Listed entries -
• • •

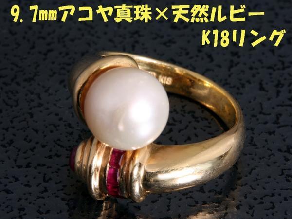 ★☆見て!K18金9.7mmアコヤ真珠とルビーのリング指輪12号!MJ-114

• • •

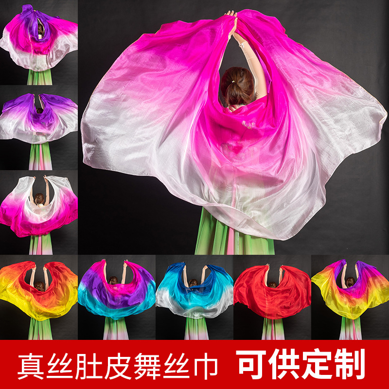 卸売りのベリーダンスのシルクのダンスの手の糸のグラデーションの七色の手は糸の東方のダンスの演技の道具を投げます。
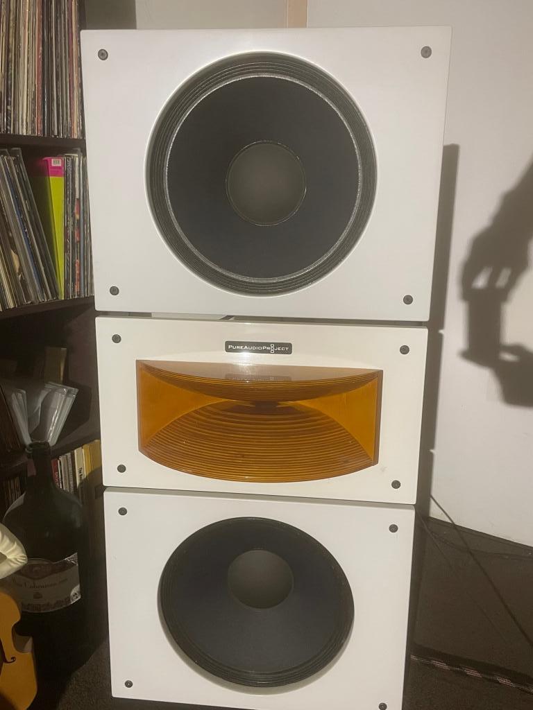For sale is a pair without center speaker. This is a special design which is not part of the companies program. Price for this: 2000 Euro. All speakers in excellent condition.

• • •

What you need to do -
Look back at the data above, then output exactly the lines from the line holding "卸売りのベリーダンスのシルク" up to and including the line holding "For sale is". Leave out the pictures.

Task output -
 卸売りのベリーダンスのシルクのダンスの手の糸のグラデーションの七色の手は糸の東方のダンスの演技の道具を投げます。
For sale is a pair without center speaker. This is a special design which is not part of the companies program. Price for this: 2000 Euro. All speakers in excellent condition.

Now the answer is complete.